REQUIREMENT: Reproduce exactly the line containing "The program is" and each line after it until the listing ends, leaving pictures out.

GIVEN RECORDS:

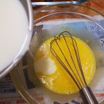 - Lòng đỏ trứng đánh tan với đường và tinh dầu vani. 500ml sữa tươi đun ấm. Sau đó đổ từ từ sữa vào trứng, không làm ngược lại nhé
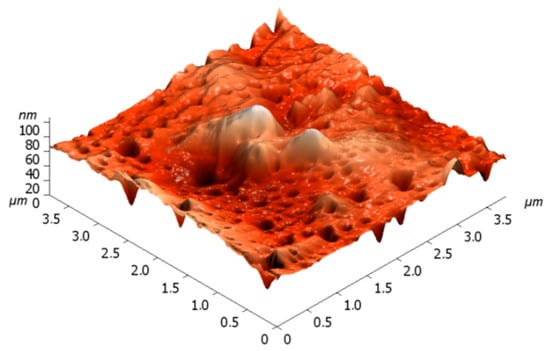 Similar to the case with NPs based on individual dyes [], the advantages of UV inks with NPs based on dye mixtures are likely the result of their nano-sized structure. One important source of support for this hypothesis is provided by the AFM data (Figure 5), which indicate the absence of structures higher than 100 nm and wider than 500 nm at the base from the film surface produced by curing UV inks with NPs based on a mixture of Acid Violet 49 and Disperse Blue 56 dyes. As mentioned above [], inks with NPs are fundamentally different from UV inks based on common pigments. In the latter case, the surface has heterogeneities with typical sizes of 0.8–1.2 μm in height and 1–2 μm in width at the base.
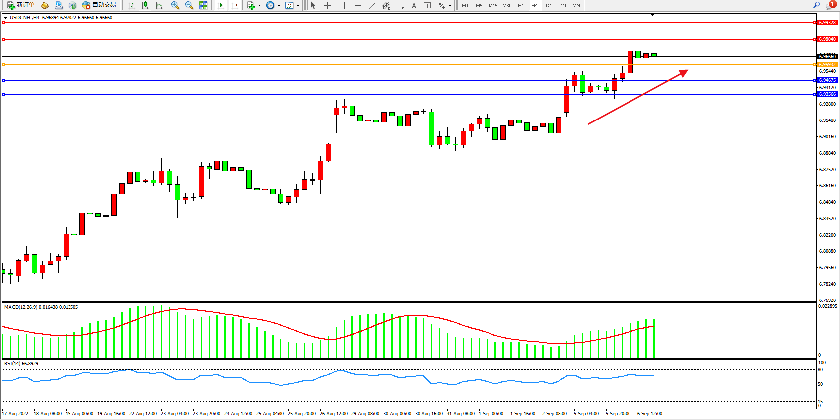 备选策略:6.95932上方看涨,目标6.98040、6.99328
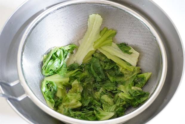 ザルにあげて水気を絞り、芯の部分はざく切りにします。
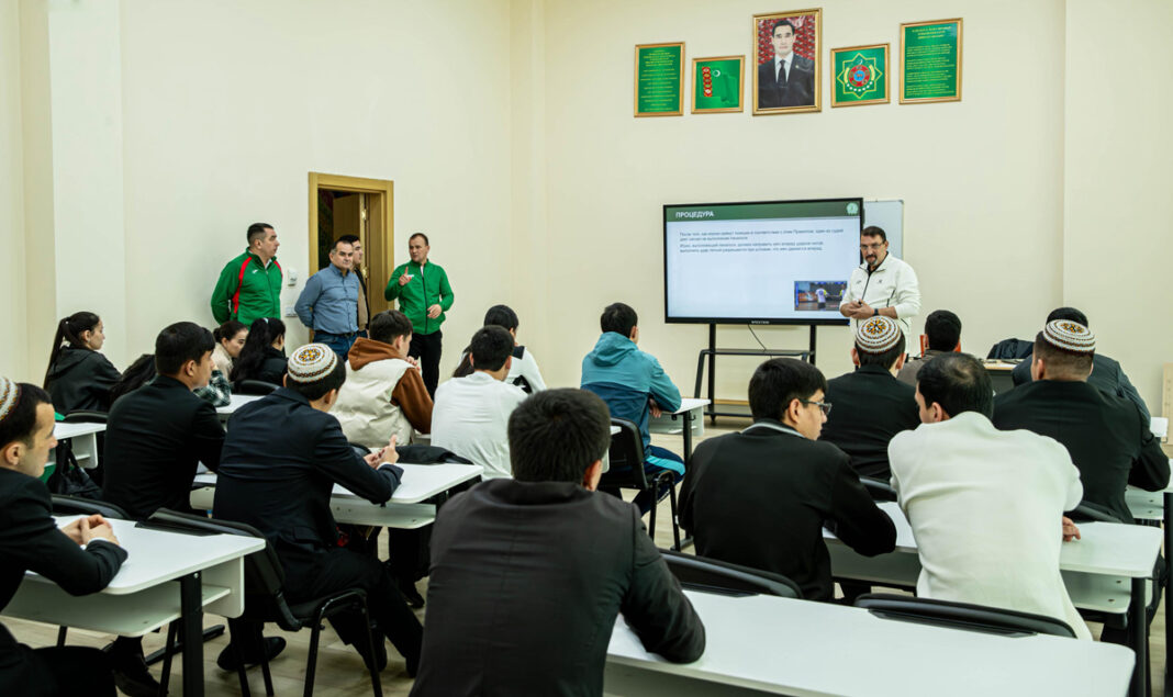 The program is being implemented at the institute’s academic building. Around 30 students who have chosen the refereeing career are participating. They are taught the intricacies of refereeing by Charymyrat Gurbanov, head of the FFT refereeing department; Vadim Baratov, a specialist with the Futsal Federation; and Kakabay Seidov, senior lecturer at the institute and international referee.
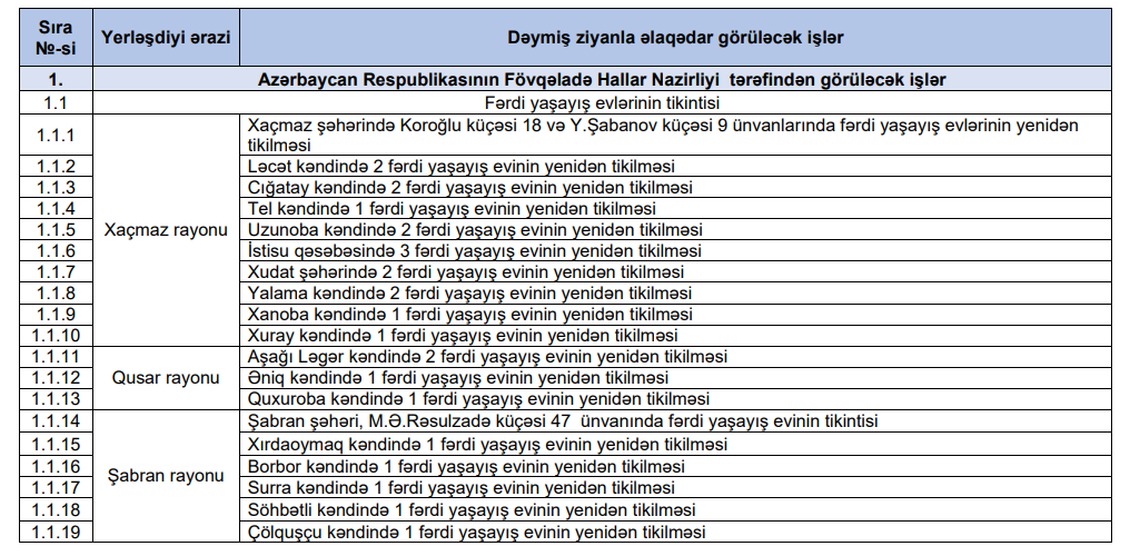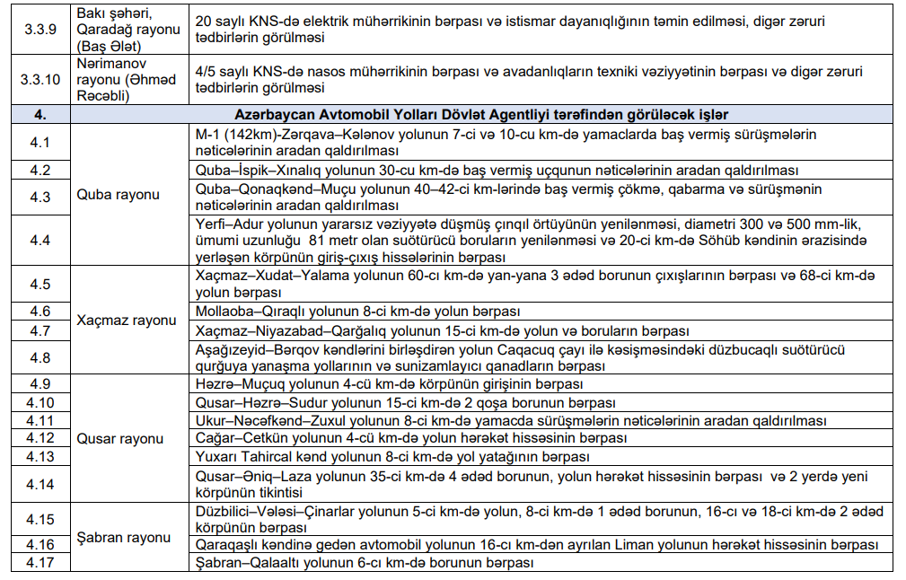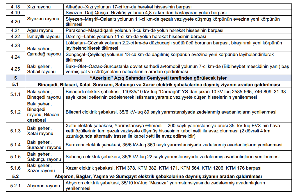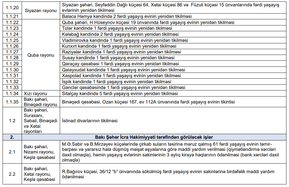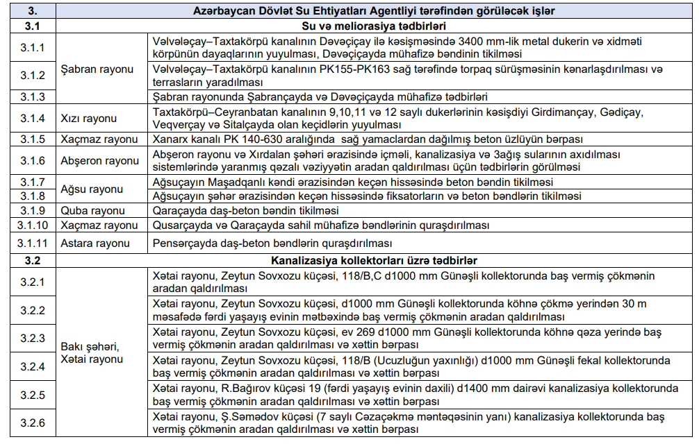 Prezident İlham Əliyev Bakı şəhərində və Azərbaycanın müxtəlif bölgələrində güclü leysan yağışları və yaranan sel suları nəticəsində dəymiş zərərin fəsadlarının aradan qaldırılması ilə bağlı görüləcək işlərin siyahısını təsdiqləyib.

EXERCISE OUTPUT:
 The program is being implemented at the institute’s academic building. Around 30 students who have chosen the refereeing career are participating. They are taught the intricacies of refereeing by Charymyrat Gurbanov, head of the FFT refereeing department; Vadim Baratov, a specialist with the Futsal Federation; and Kakabay Seidov, senior lecturer at the institute and international referee.
 Prezident İlham Əliyev Bakı şəhərində və Azərbaycanın müxtəlif bölgələrində güclü leysan yağışları və yaranan sel suları nəticəsində dəymiş zərərin fəsadlarının aradan qaldırılması ilə bağlı görüləcək işlərin siyahısını təsdiqləyib.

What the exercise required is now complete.